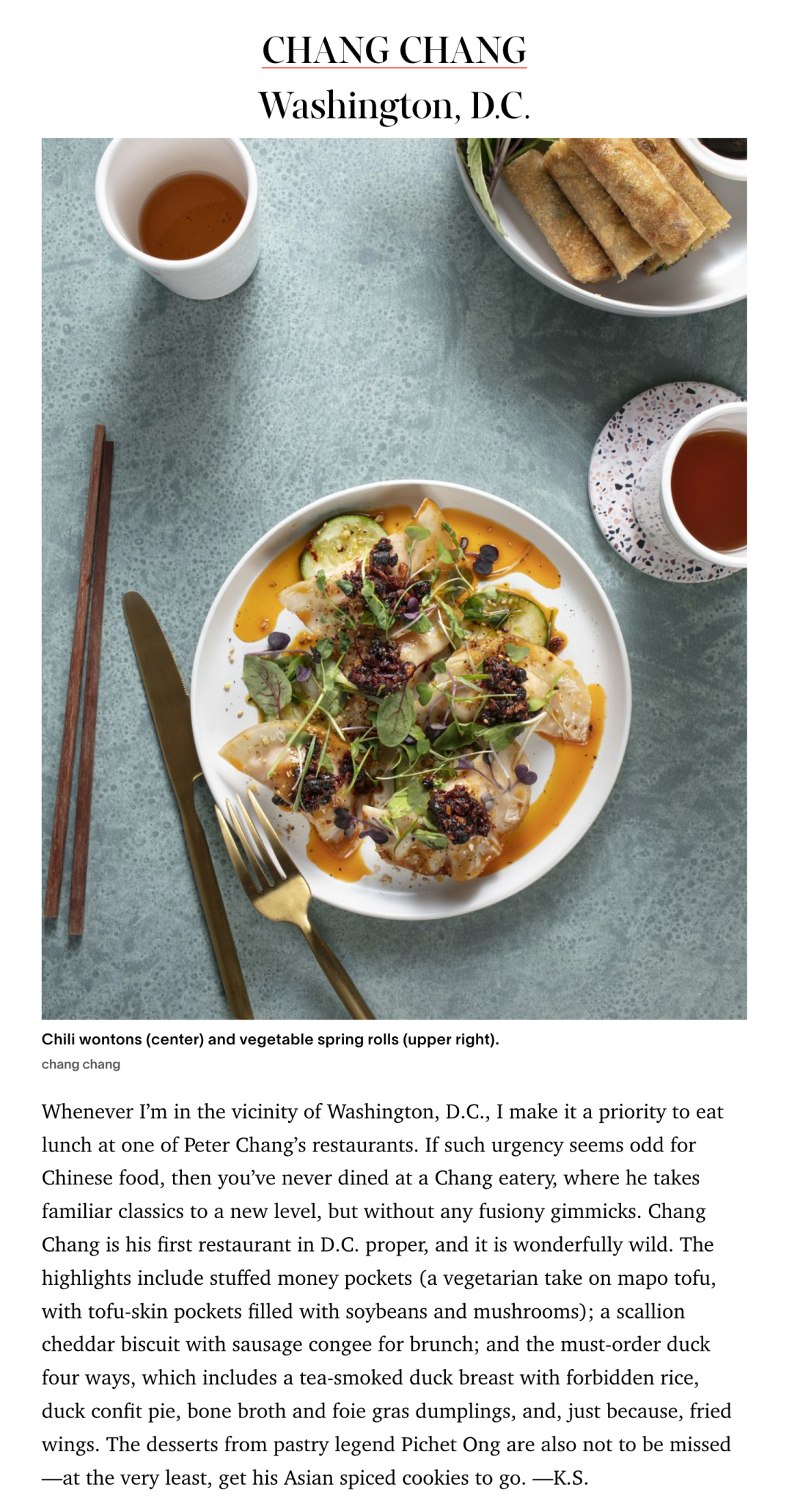 本网讯 美国历史最悠久的知名男性杂志《Esquire(时尚先生)》近日评选出“美国五十最佳新餐厅”,仅有一家中餐厅入选。这家中餐厅,就是《餐饮家》报道过多次的,美国最知名的中餐名厨张鹏亮(Peter Chang)开在华盛顿DC的Chang Chang。
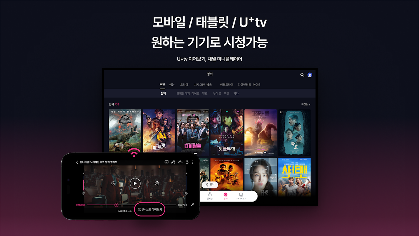 - Możesz kontynuować oglądanie tej samej sceny, którą oglądałeś na telefonie na zewnątrz lub w U+TV w domu.
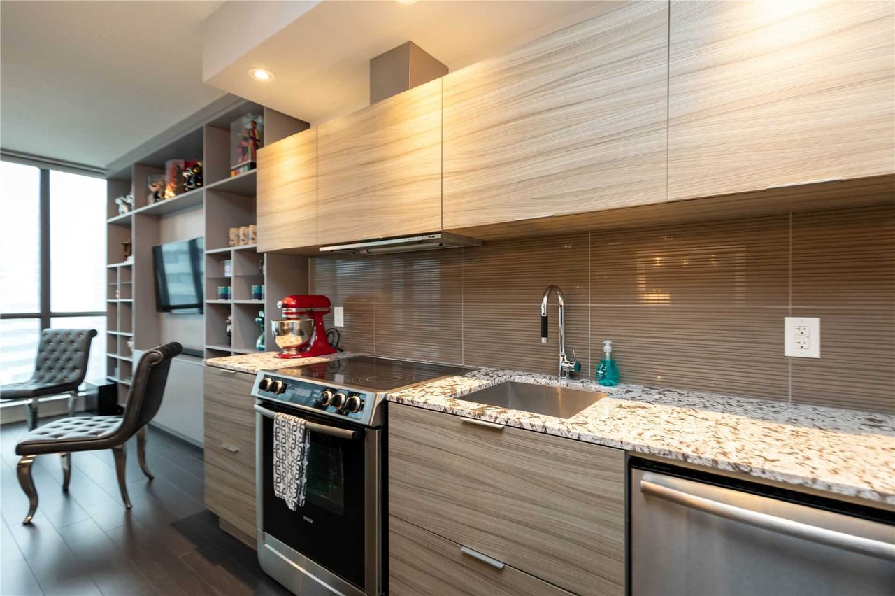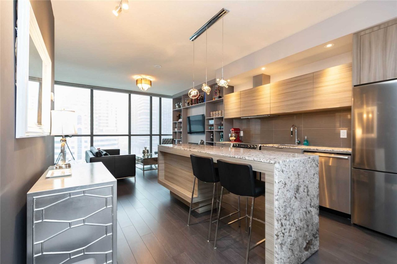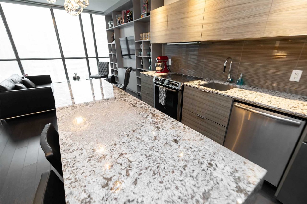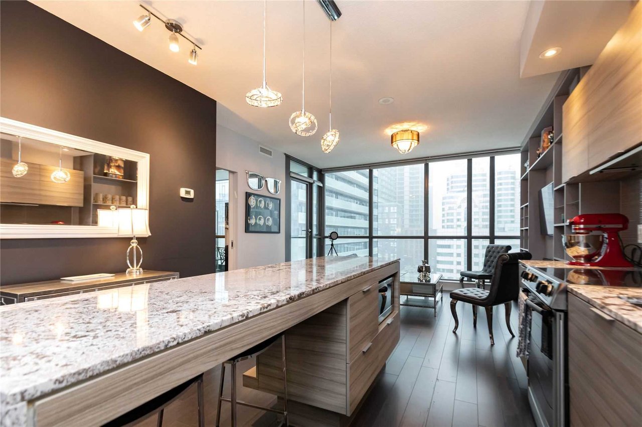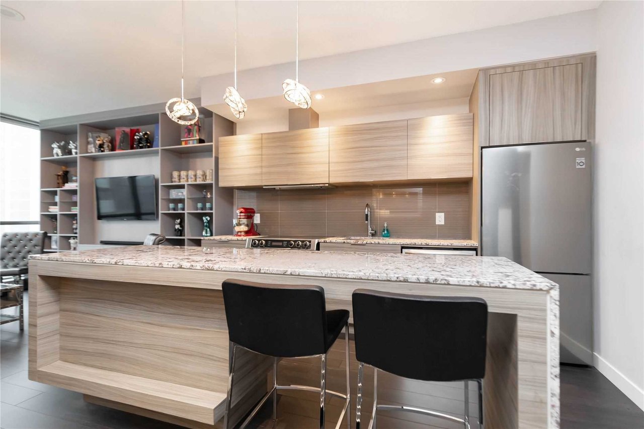 Live In The Heart Of The City! This Beautiful Updated 781 Sq Ft 1+Den Unit Has A Functional Wide Floor Plan And 56 Sq Ft Balcony. Stainless Steel Appliances, Center Island With Granite Counter Tops. Luxury Amenities: Gym, 24/7 Concierge, Visitors Parking, Party Room, Outdoor Pool And Lounge, Steam Room. Unit Includes: Parking & Locker!
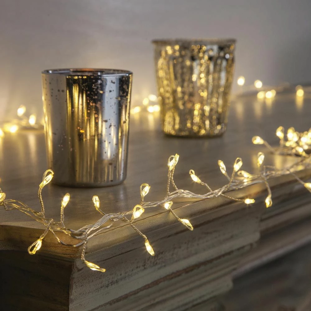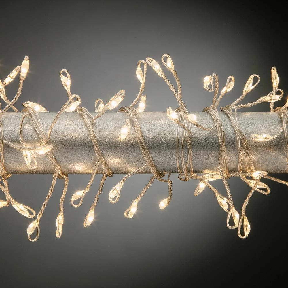 The possibilities for expressing your own unique decorative style are endless with this gorgeous, 6-foot long Everlasting Glow Micro LED Silver Garland. No less than 144 warm white, energy efficient, micro LED lights are affixed along the silver wire at the end of 1-inch long jump-ups to give that dynamic Firecracker accent that will add that special ambiance to any setting. This stunning garland includes a 9-foot long silver lead wire that is connected to an outdoor-capable adaptor. Also included for operation is the 8-function controller, allowing the lights to glow at whatever setting you desire: combination, waves, sequential, slow glow, chasing-flash, slow fade, twinkle-flash and steady on. Perfect for indoor or outdoor use, you'll get years of enjoyment from this beautifully glowing garland!
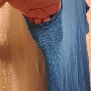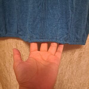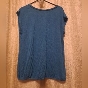This is a never worn top without tags. I thought I'd wear it someday, but never did. Very short sleeves, peek-a-boo hole above chest, elastic waste, feels soft, large, and can be worn with jeans or dress pants or with or without a blazer! super fun to play around with.
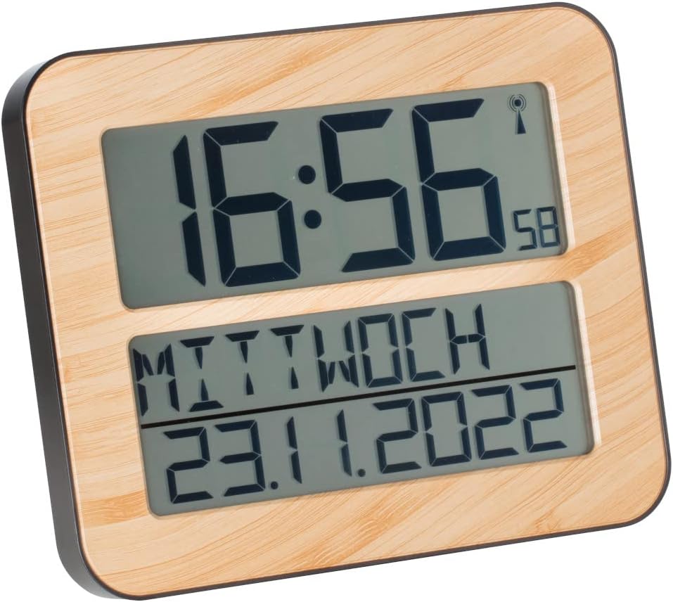 Immer die perfekte Zeit im Blick! Diese stylische Funk-Wanduhr von TFA Dostmann zeigt dir nicht nur die genaue Uhrzeit, sondern auch Temperatur, Datum, Kalenderwoche und den ausgeschriebenen Wochentag in 7 Sprachen an. Durch den DCF-77-Empfang stellt sich die Uhr automatisch auf die richtige Zeit ein - keine lästige Umstellung mehr zwischen Sommer- und Winterzeit! Mit zwei Weckalarmen inklusive Schlummerfunktion startest du garantiert pünktlich in den Tag. Die große, übersichtliche Anzeige ist auch aus der Entfernung gut lesbar. Perfekt für Küche, Wohnzimmer, Büro oder Schlafzimmer. Im schicken Weiß gehalten passt die Uhr zu jedem Einrichtungsstil. Mit ausklappbarem Ständer kannst du sie sowohl hängen als auch stellen. Inklusive 2 AAA-Batterien - einfach einlegen und sofort nutzen. Lautlos, praktisch und absolut zuverlässig. Ein echter Alltagshelfer für mehr Organisation in deinem Zuhause!
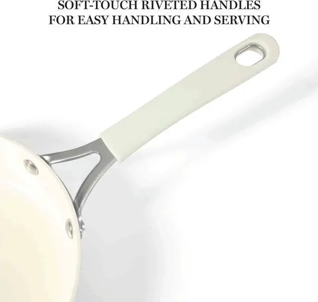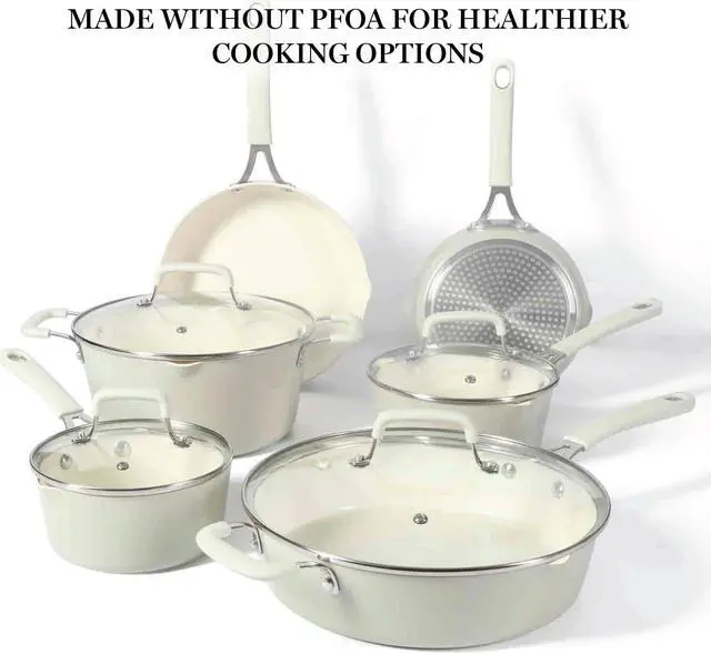 A COMPLETE SET INCLUDES: Two frying pans (8-inch and 10-inch), two saucepans with lids ( 1.3 quarts and 1.85 quarts), one 3.7 -quart sauté pan with lid, and one 4.4 -quart Dutch oven with lid. Inspired by the best-selling Lockton cookware collection from Martha Stewart, the 10-piece Heathland Ceramic Nonstick Cookware Set has taken a more sleek and leaner shape with exquisitely tapered pots and pans to contain and diffuse heat evenly.
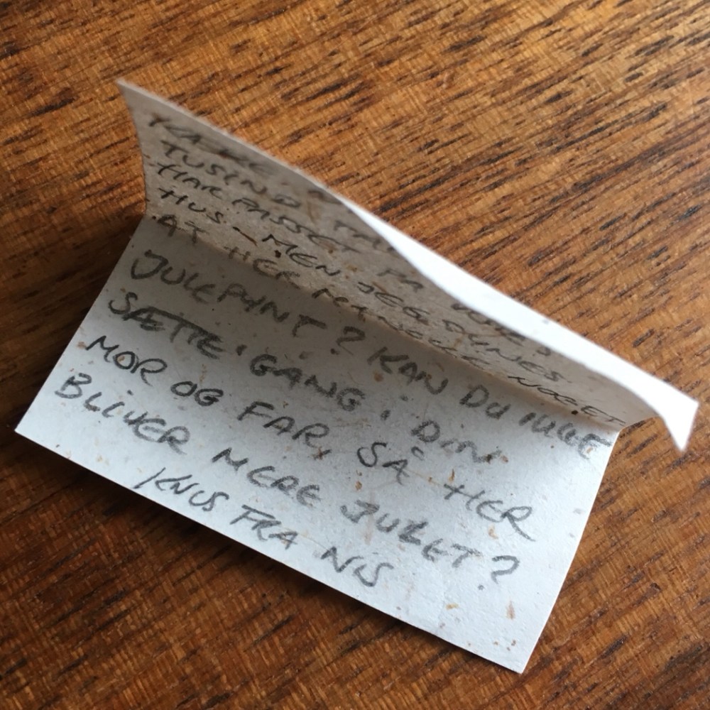 “Nissen har været der” råbte drengen begejstret. Han vågnede tidligere end ellers – og ja, nissen er flyttet ind igen bag den lille hvide dør i stuen. Hans små træsko stod udenfor på trappen. Han havde lagt en lille chokoladekugle og et lillebitte brev til drengen.
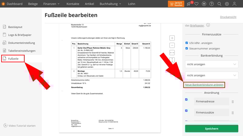Schritt 4: Dann ist noch wichtig, dass in der Rechnung, die Sie verwenden, eine Bankverbindung angegeben ist. Dafür öffnen Sie die Rechnungsvorlage, navigieren zum Eintrag „Fußzeile“ und klicken rechts unter „Bankverbindung“ auf „Neue Bankverbindung anlegen“.
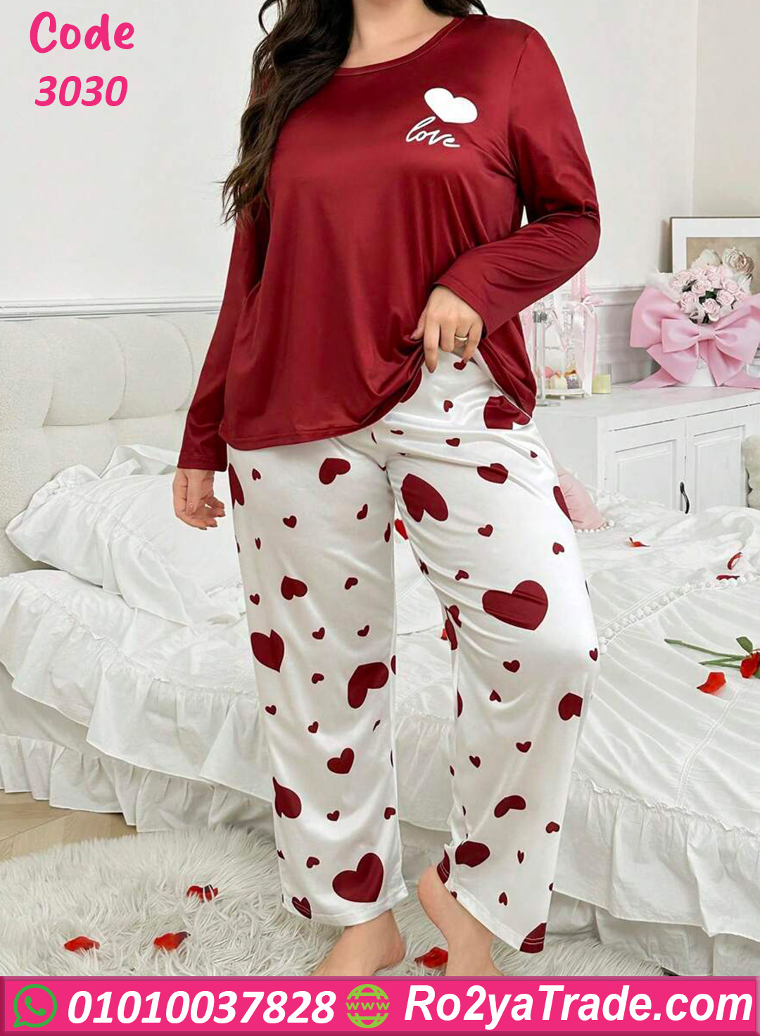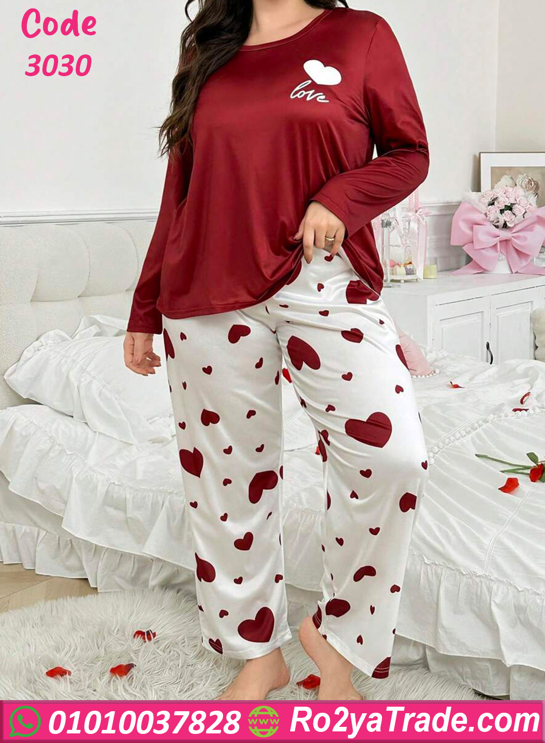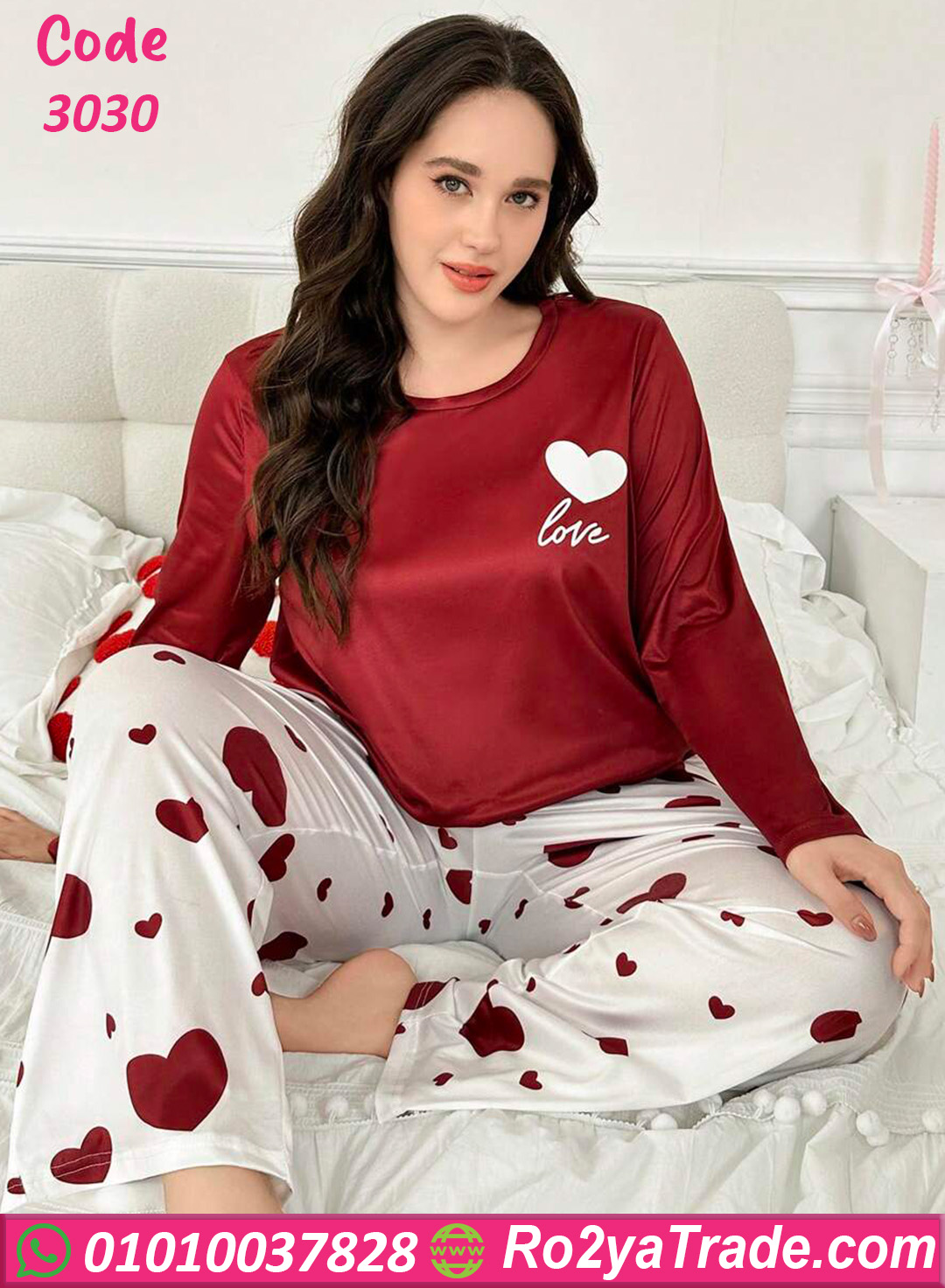 بيجامة حريمي بطبعة قلوب – كود 3030

ACTIVITY: The reply should hold only the lines running from the top of the records to the line containing "- Możesz kontynuować", both included, copied exactly with no pictures.

REPLY TO THE TASK:
 本网讯 美国历史最悠久的知名男性杂志《Esquire(时尚先生)》近日评选出“美国五十最佳新餐厅”,仅有一家中餐厅入选。这家中餐厅,就是《餐饮家》报道过多次的,美国最知名的中餐名厨张鹏亮(Peter Chang)开在华盛顿DC的Chang Chang。
 - Możesz kontynuować oglądanie tej samej sceny, którą oglądałeś na telefonie na zewnątrz lub w U+TV w domu.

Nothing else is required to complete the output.